KAFKA-6789: Handle COORDINATOR_LOAD_IN_PROGRESS, COORDINATOR_NOT_AVAILABLE retriable errors in AdminClient API #5578

omkreddy · 2018-08-27T17:40:19Z

Handle COORDINATOR_LOAD_IN_PROGRESS, COORDINATOR_NOT_AVAILABLE retriable errors in
AdminClient describe groups, delete Groups, list Offsets API

Committer Checklist (excluded from commit message)

Verify design and implementation
Verify test coverage and CI build status
Verify documentation (including upgrade notes)

omkreddy · 2018-08-27T18:10:25Z

retest this please

clients/src/main/java/org/apache/kafka/clients/admin/KafkaAdminClient.java

viktorsomogyi · 2018-08-28T13:23:45Z

clients/src/main/java/org/apache/kafka/clients/admin/KafkaAdminClient.java

@@ -2471,11 +2469,10 @@ void handleFailure(Throwable throwable) {
        return new DescribeConsumerGroupsResult(new HashMap<String, KafkaFuture<ConsumerGroupDescription>>(futures));
    }

-    private boolean handleFindCoordinatorError(FindCoordinatorResponse response, KafkaFutureImpl<?> future) {
-        Errors error = response.error();
+    private boolean handleRetriableError(Errors error, KafkaFutureImpl<?> future) {


I think handleRetriableError is a bit misleading. I mean it handles both retriable and non-retriable error. From this perspective the old naming was better (from my perspective).

@viktorsomogyi now this error handle method also applied on describeConsumerGroups,so the old naming does not fit perfectly? But I do agree the naming is a little misleading.

viktorsomogyi · 2018-08-28T13:33:18Z

clients/src/main/java/org/apache/kafka/clients/admin/KafkaAdminClient.java

@@ -2567,8 +2564,11 @@ private void maybeAddConsumerGroup(ListGroupsResponse.Group group) {
                        void handleResponse(AbstractResponse abstractResponse) {
                            final ListGroupsResponse response = (ListGroupsResponse) abstractResponse;
                            synchronized (results) {
-                                if (response.error() != Errors.NONE) {
-                                    results.addError(response.error().exception(), node);
+                                Errors error = response.error();


This is very similar to handleRetriableError, perhaps there is an opportunity to use a common code.

viktorsomogyi · 2018-08-28T13:39:14Z

Hi @omkreddy , if you don't mind, I've reviewed it too and left a few comments.
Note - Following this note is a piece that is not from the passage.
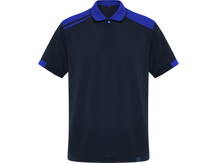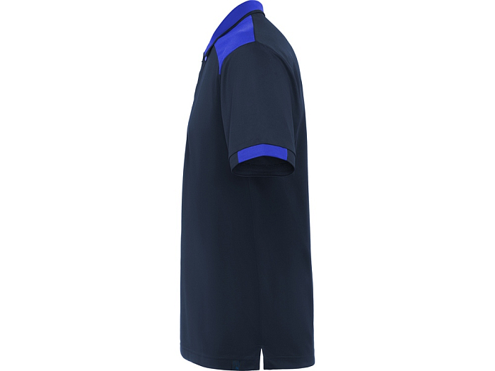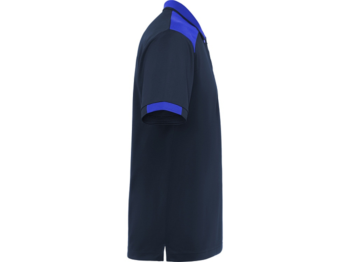 Рубашка-поло с коротким рукавом в двухцветной комбинации. Воротник и половина рукава отделана рибом 1x1. Планка на 2 пуговицы. Усиленные закрытые швы по воротнику. Боковые разрезы внизу. Контрастные плечи и детали. Дополнительный контрастный карман.

shunge · 2018-08-31T00:05:24Z

clients/src/test/java/org/apache/kafka/clients/admin/KafkaAdminClientTest.java

            env.kafkaClient().prepareResponse(new FindCoordinatorResponse(Errors.NONE, env.cluster().controller()));

+            //Retriable  errors should be retried


NIT: extra whitespace

shunge · 2018-08-31T00:05:47Z

clients/src/test/java/org/apache/kafka/clients/admin/KafkaAdminClientTest.java

            env.kafkaClient().prepareResponse(new FindCoordinatorResponse(Errors.NONE, env.cluster().controller()));

+            //Retriable  errors should be retried


NIT: same, whitespace

shunge · 2018-08-31T00:16:05Z

clients/src/main/java/org/apache/kafka/clients/admin/KafkaAdminClient.java

        if (error.exception() instanceof RetriableException) {
            throw error.exception();
-        } else if (response.hasError()) {


This is the same, under the hood:

public boolean hasError() { return this.error != Errors.NONE; }

So I think you can keep this?

omkreddy · 2018-09-21T18:58:58Z

@hachikuji pinging for review

ijuma · 2018-10-23T15:00:43Z

@cmccabe can you please review this?

cmccabe · 2018-10-23T15:57:12Z

AdminClient already has retry logic for consumer group requests.

However, there are a few cases that we don't handle. One is where the leader has moved between the call to findCoordinator and our attempt to describe the group that the coordinator owns. This patch doesn't fix that case either, though.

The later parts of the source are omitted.